Essas pessoas esquisitas que nunca rabiscam seus livros...
Ontem peguei meu exemplar de As Dores do Mundo, do Schopenhauer, e reli as primeiras páginas. Já no primeiro capítulo encontrei anotações sobre minha novela Estrelas Mortas (o narrador é de algum modo um discípulo do pessimista alemão), observações sobre determinada frase ou parágrafo, uma ou outra nota pessoal do tipo “pensar a respeito” ou um simples “risos” ao lado de algum trecho particularmente engraçado. Foi um duplo prazer: a releitura de um filósofo que gosto — e que me provoca, faz rir — e as anotações do leitor que eu era quando li aquele livro pela primeira vez.
Terminei o primeiro capítulo refletindo sobre essas pessoas esquisitas que jamais rabiscam seus livros.
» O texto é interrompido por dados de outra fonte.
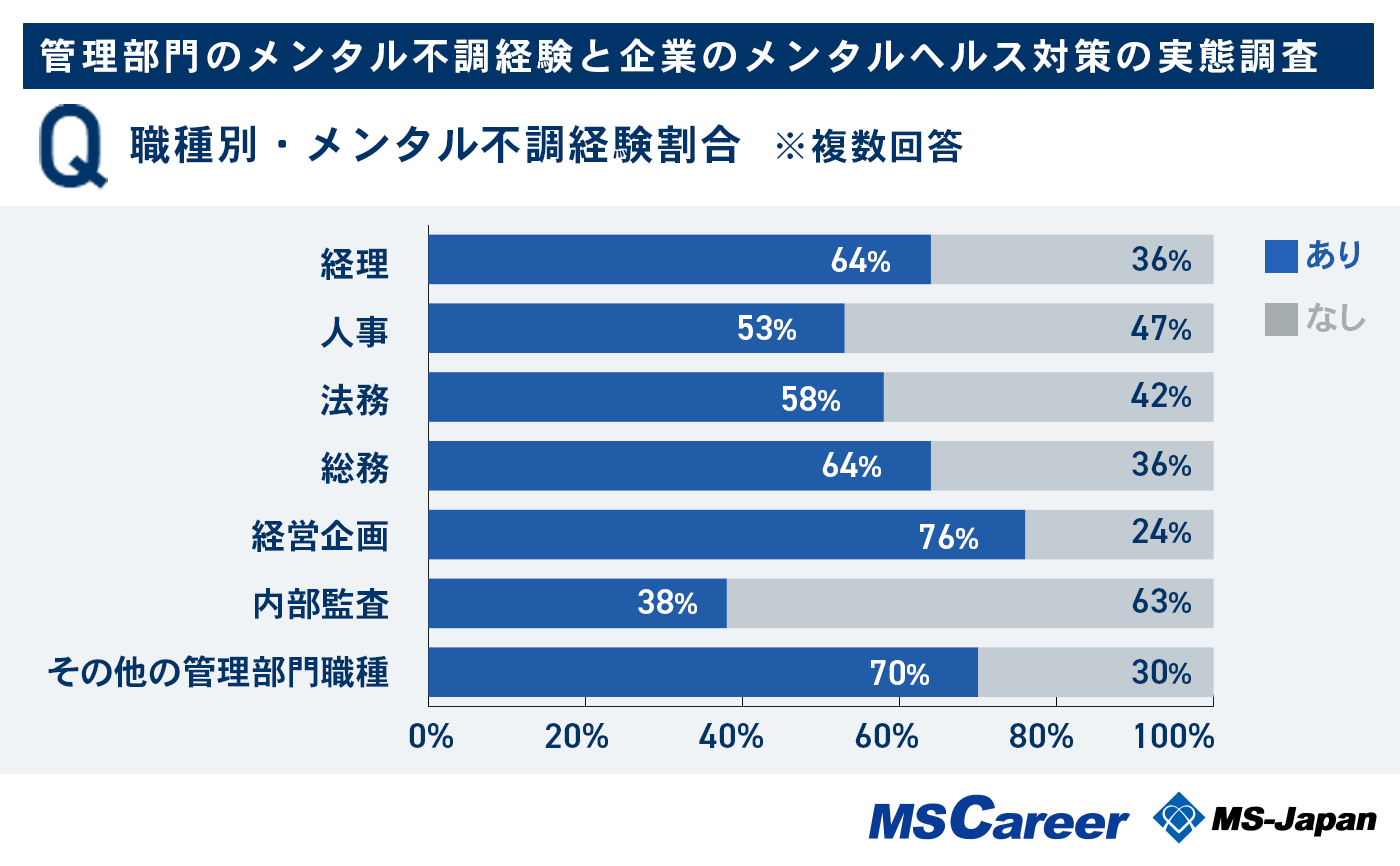 そこで、管理部門と士業の転職やキャリアを支援するMS-Japanでは、「管理部門のメンタル不調経験と企業のメンタルヘルス対策の実態」に関する調査を実施しました。
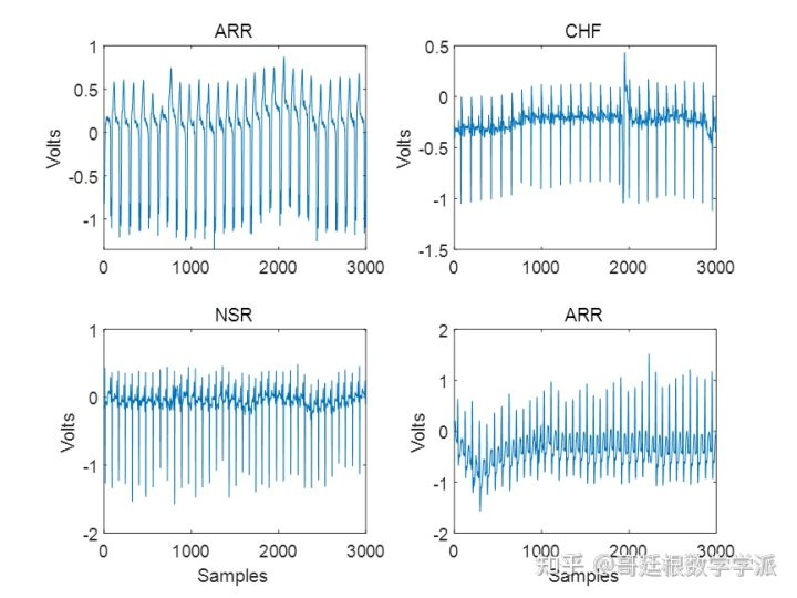 本文使用从3种 ECG 数据:心律失常数据、充血性心力衰竭数据和正常窦性心律数据,共使用来自3个 PhysioNet 数据库的162条ECG 记录:MIT-BIH心律失常数据库、MIT-BIH正常窦性心律数据库和BIDMC充血性心力衰竭数据库。 共有96个心律失常患者的信号,30个充血性心力衰竭患者的信号,以及36个正常窦性心律患者的信号,目标就是训练分类器来区分心律失常 (ARR)、充血性心力衰竭 (CHF)和正常窦性心律 (NSR)3类信号。
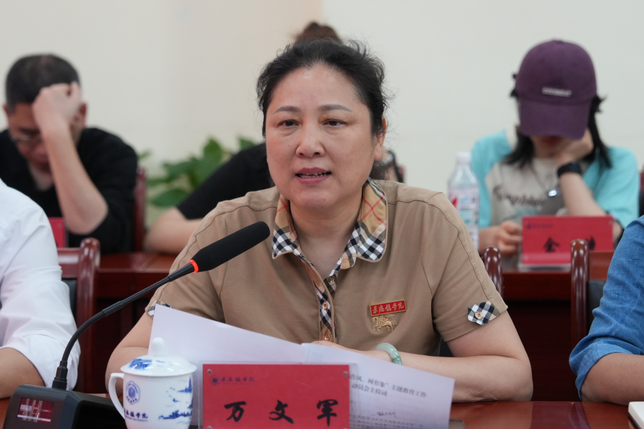 会上,万文军指出,中央八项规定是中国共产党以严明纪律整饬作风,推动党的自我革命的重大历史性举措,民主党派、无党派人士作为新时代中国特色社会主义参政党,必须始终与中国共产党同心同德,将深入贯彻中央八项规定精神作为坚定拥护“两个确立”、坚决做到“两个维护”的具体实践。她就落实主题教育工作提出三点要求:一是要深学细悟,夯实思想根基。二是要自查自纠,强化作风整改。三是要树牢作风形象,彰显担当作为,以此次主题教育为契机,将作风建设成果转化为服务学校中心工作的实际行动,为学校高质量发展凝聚合力。
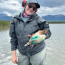 Kela Vicich holds a mallard as she places a band on its leg as part of the 2024 Waterfowl Banding Operations in Alaska.
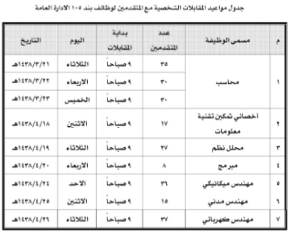 أعلنت المؤسسة العامة للحبوب، عن أسماء المرشحين مبدئيًّا لدخول المقابلة الشخصية، والبالغ عددهم (235) مرشحًا على الوظائف التي أعلنت عنها سابقًا، على (البند 105 ـ بند الرواتب المقطوعة)، في الإدارة العامة بالرياض، للوظائف التالية: “مهندس ميكانيكي – مهندس مدني – مهندس كهربائي – محاسب – أخصائي تمكين تقنية معلومات – محلل نظم – مبرمج”.
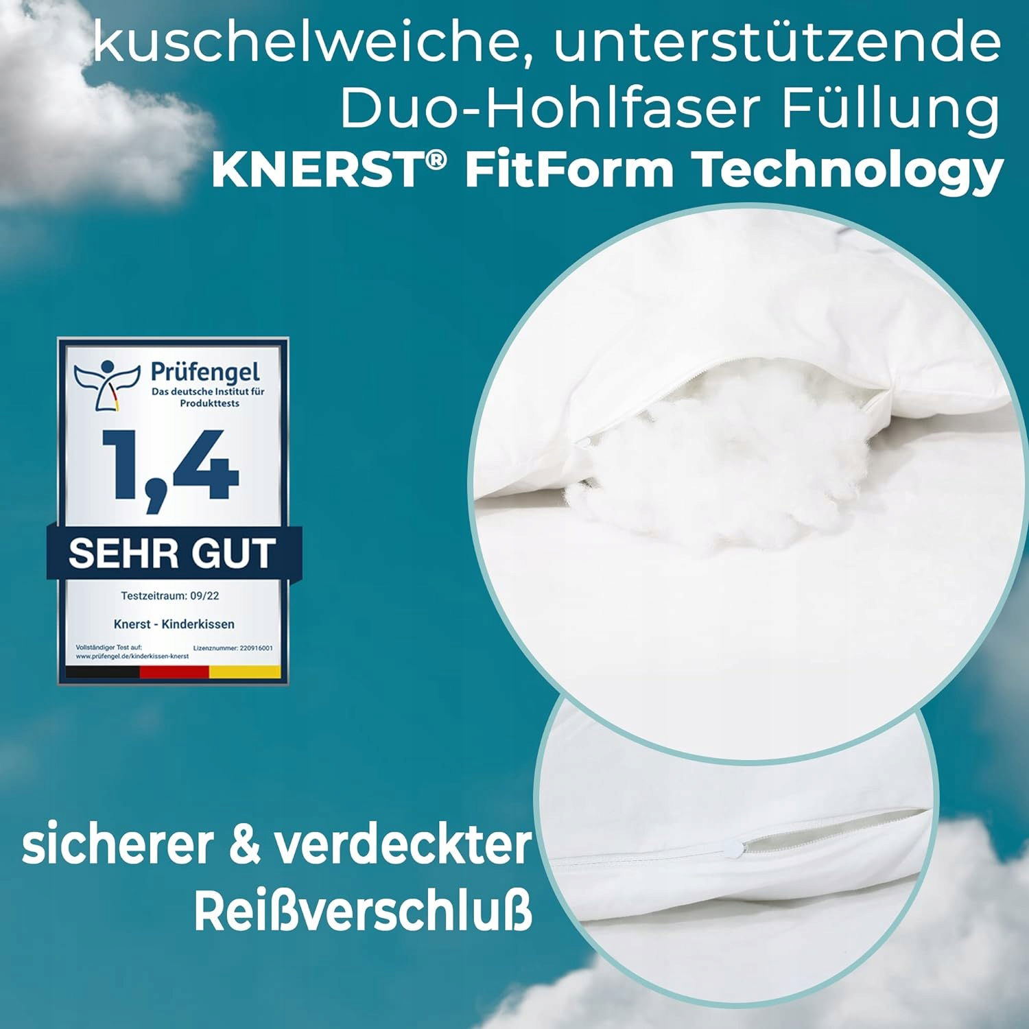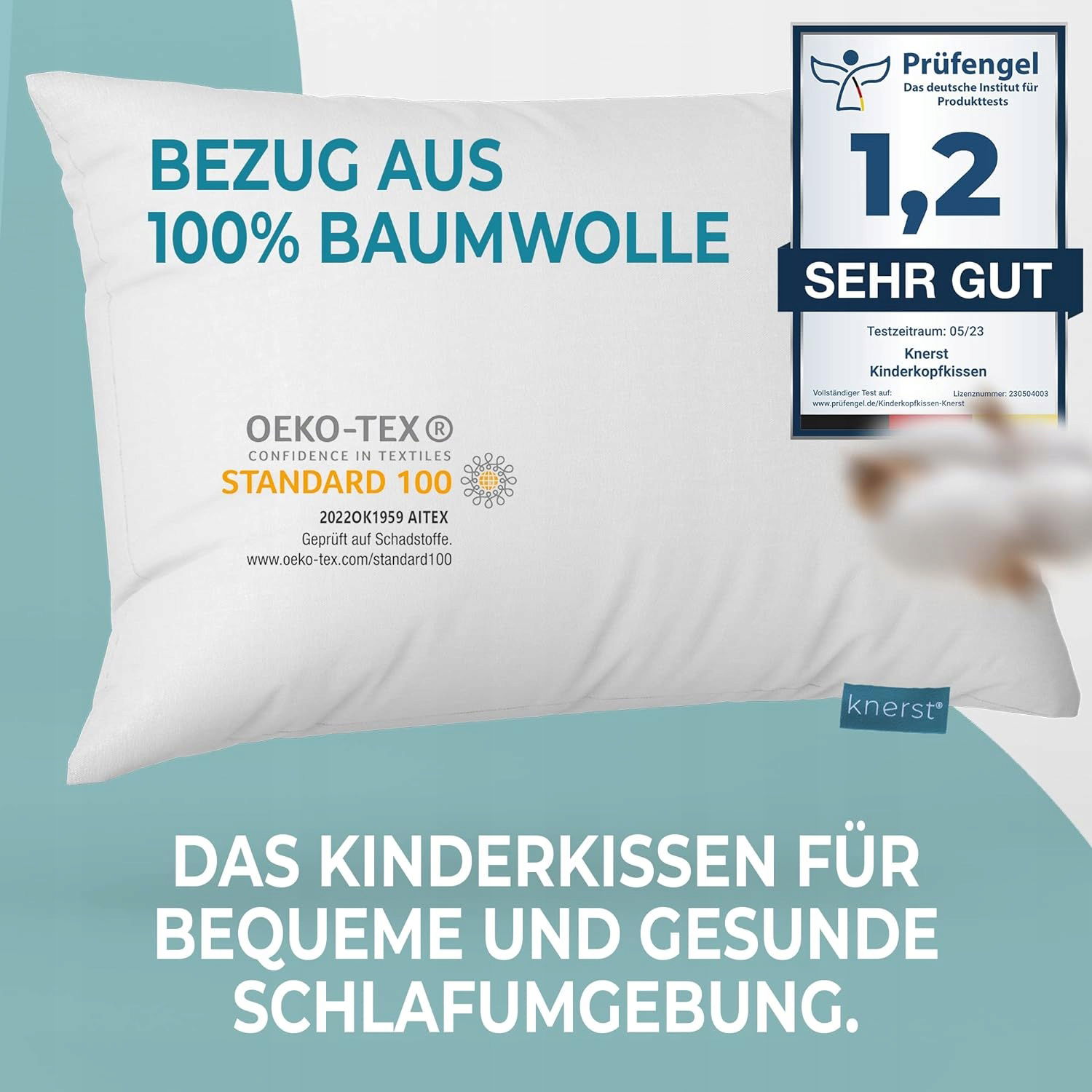 Zapewnij swojemu dziecku najlepszy sen: nasza poduszka dziecięca z poszewką w 100% z bawełny i silikonowanym wypełnieniem z włókien kanalikowych zapewnia przytulne uczucie podczas snu i optymalne podparcie dla spokojnego snu.
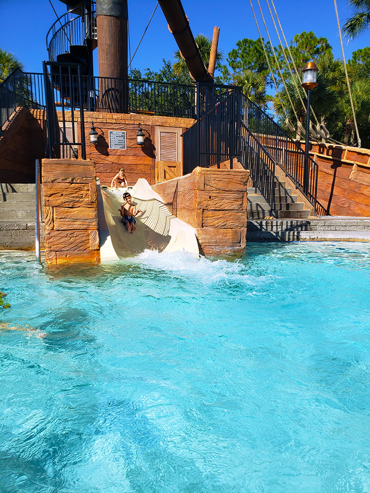We made sure to explore all areas of the pool which included a relaxing lazy river, swimming area with a volleyball net, a small cove, small hot tub, and the shipwreck with a kiddie slide and a huge slide. Diva thought about it for a minute then looked across the sidewalk to see how large it actually was and quickly changed her mind. Peanut had no interest in it at all. I’m a little bummed we didn’t get to try it at least once.
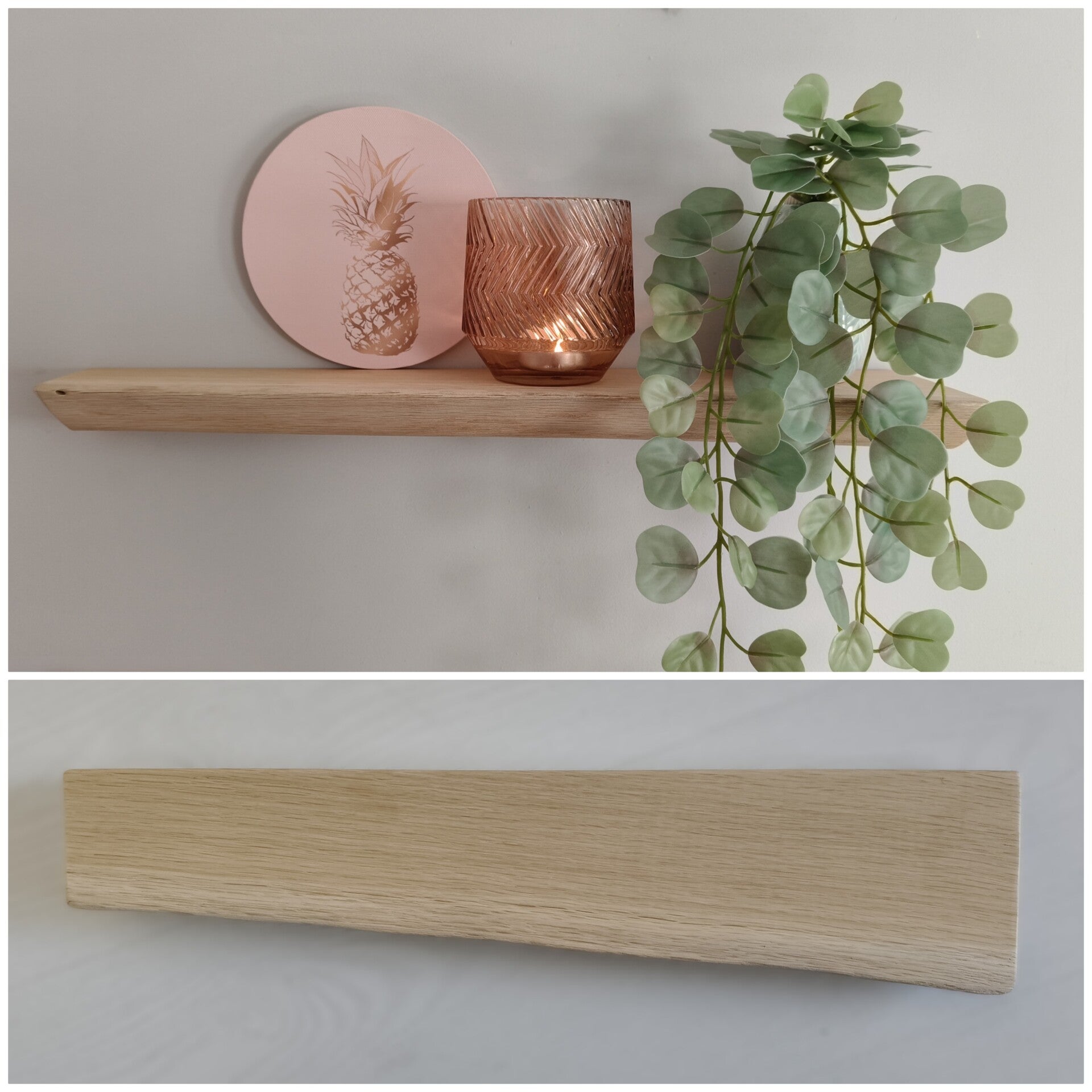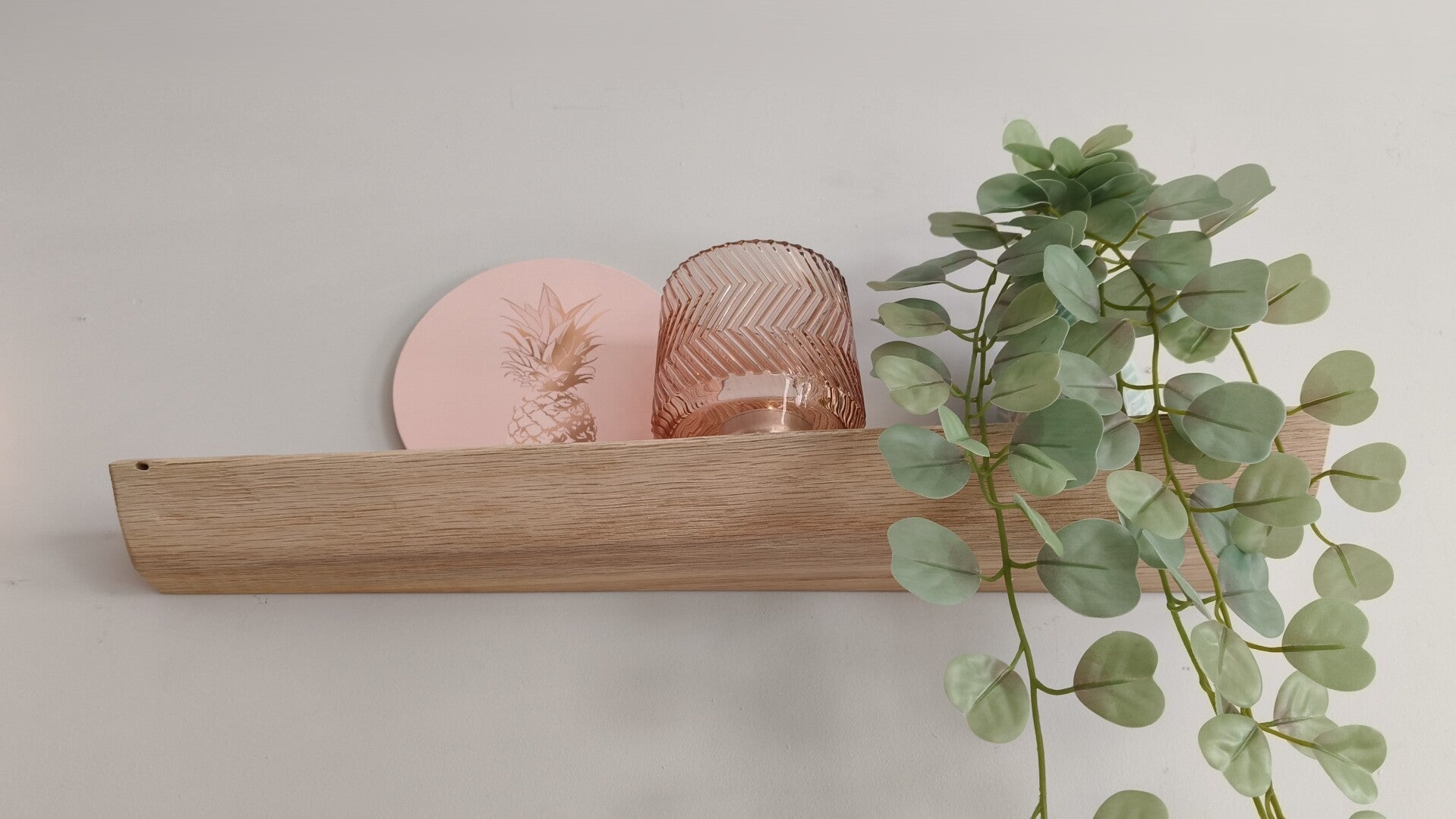 De plank is aan de achterzijde voorzien van sleutelgaten, waardoor je deze eenvoudig zwevend kunt ophangen met schroeven. Geschikt voor lichte belasting.

Conheço várias: o livro é um item sagrado, que leem com todo o cuidado do mundo, como se algum movimento brusco ou um pouco mais duro pudesse reduzi-lo a pó. Eu fui uma dessas pessoas quando tinha por volta dos 15 anos, mas pouco mais de 20 anos depois eu ando rabiscando até os livros da Cosac, que no Brasil viraram coisa de colecionador.
O que me transformou num rabiscador compulsivo não sei bem, mas talvez tenha sido a consciência de que ars longa, vita brevis; ou então um livro que certa vez me caiu em mãos, datado dos anos 30 e ainda em boas condições, talvez o livro que uma amiga me emprestou um dia e que estava cheio de anotações, e que me causou uma experiência de leitura até então inédita; talvez o conjunto de todas essas coisas.
Quando advoguei em defesa do rabisco em público pela primeira vez (Bar do Péla, Abril de 2006) só faltaram me chamar de nazista: livro não se rabisca, gritavam os colegas de mesa, depois disso o próximo passo é jogá-los na fogueira.
Mas eu dizia: Ei, ninguém aqui vai viver pra sempre, certo? Os homens passarão, os livros passarinho (Abraços, Quintana). De modo que voarão em direção a outros leitores, outros ninhos, e no caso de quem vai deixar herança (ou seja: vai MORRER e deixar os livros pra seja lá quem for), pense no seguinte: quem sobrar vai ter muito de você em suas anotações. E isso é fofo.
Continuarei, portanto, um rabiscador convicto, e seguirei sem entender essas pessoas esquisitas que jamais rabiscam seus livros. São como tardígrados e física quântica: jamais compreenderei por completo.